Maybe with an union:
SELECT *
FROM table
GROUP BY Date, Name, ANI, CallIndex
HAVING ( COUNT(*) > 1 )
UNION
SELECT *
FROM table
WHERE Name not in (SELECT name from table
GROUP BY Date, Name, ANI, CallIndex
HAVING ( COUNT(*) > 1 ))
From your sample, it seems like you could just exclude rows in which there was no value in the ANI column. If that is the case you could simply do:
use Database
SELECT * FROM table
WHERE Date between '4/15/15 00:00' and '4/15/15 23:59'
and ANI is not null
If this doesn't work for you, let me know and I can see what else I can do.
Edit:
You've made it sound like the CallIndex combined with the Duration is a unique value. That seems somewhat doubtful to me, but if that is the case you could do something like this:
use Database
SELECT * FROM table
WHERE Date between '4/15/15 00:00' and '4/15/15 23:59'
and cast(callindex as varchar(80))+'-'+cast(min(duration) as varchar(80)) in
(SELECT cast(callindex as varchar(80))+'-'+cast(min(duration) as varchar(80))
FROM table
GROUP BY callindex)
There are two keywords you can use to get non-duplicated data, either DISTINCT or GROUP BY. In this case, I would use a GROUP BY, but you should read up on both.
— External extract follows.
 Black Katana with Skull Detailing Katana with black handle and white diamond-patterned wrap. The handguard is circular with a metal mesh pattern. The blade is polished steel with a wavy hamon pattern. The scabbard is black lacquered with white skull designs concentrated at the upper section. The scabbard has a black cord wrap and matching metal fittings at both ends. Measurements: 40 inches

This query groups all of the records by CallIndex and takes the MAX value for each of the other columns and should give you the results you want:
SELECT MAX(Date) AS Date, MAX(Name) AS Name, MAX(ANI) AS ANI, CallIndex
FROM table
GROUP BY CallIndex
EDIT
Since you can't use GROUP BY directly but you can have any SQL in the WHERE clause you can do:
SELECT *
FROM table
WHERE EXISTS
(
SELECT *
FROM
(
SELECT MAX(Date) AS Date, MAX(Name) AS Name, MAX(ANI) AS ANI, CallIndex
FROM table
GROUP BY CallIndex
) derv
WHERE table.Date = derv.Date
AND table.Name = derv.Name
AND table.ANI = derv.ANI
AND table.CallIndex = derv.CallIndex
)
This selects all rows from the table where there exists a matching row from the GROUP BY.
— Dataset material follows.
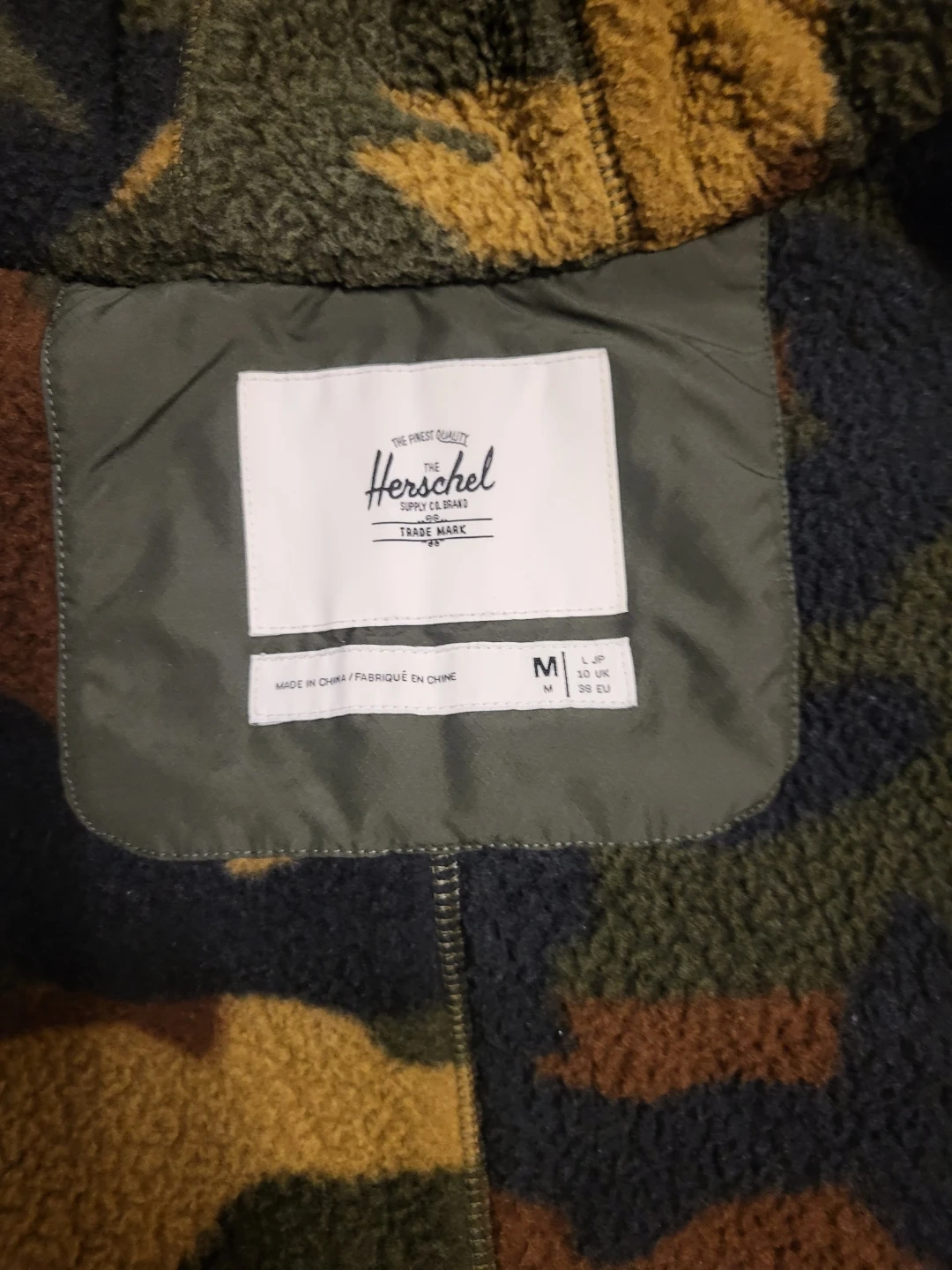 Selling a Herschel parka in olive green. It's a size M and in great condition! The inside is lined with a camouflage pattern fleece. Perfect for the cooler weather!

It won't be perfect, if any two rows match exactly, you'll still have duplicates, but that's the best you'll get with your restriction.
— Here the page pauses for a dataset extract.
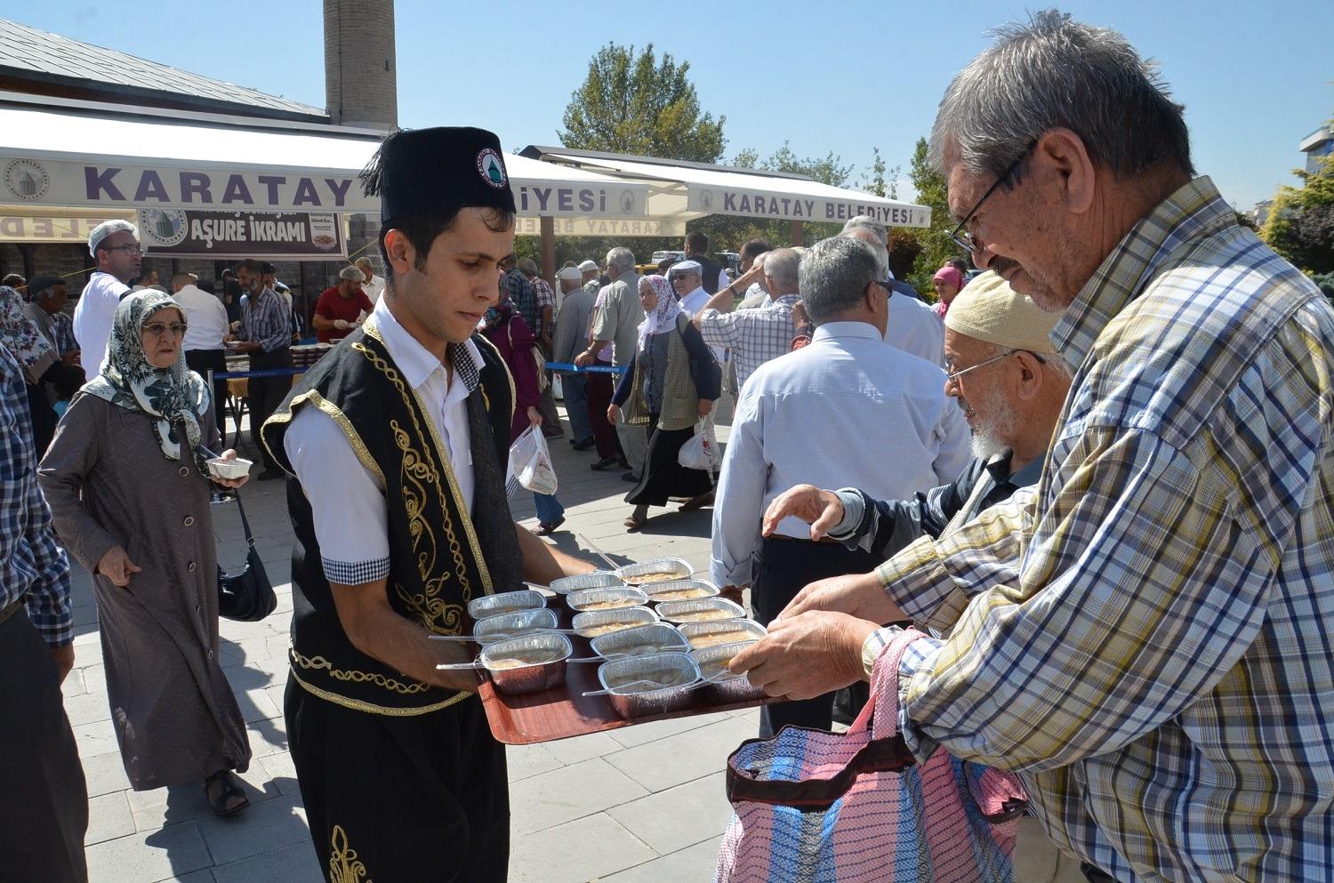 Karatay Belediyesi tarafından birlik, beraberlik, bereket ve paylaşmanın sembolü, Muharrem Ayı'nın 10. günü olan Aşure Gününde ilçedeki çeşitli camilerde aşure ikramı gerçekleştirildi.

In your data, why not just do this?
SELECT *
FROM table
WHERE Date >= '2015-04-15' and Date < '2015-04-16'
ani is not null;
If the blank values are only a coincidence, then you have a problem just using a where clause. If the results are full duplicates (no column has a different value), then you probably cannot do what you want with just a where clause -- unless you are using SQLite, Oracle, or Postgres.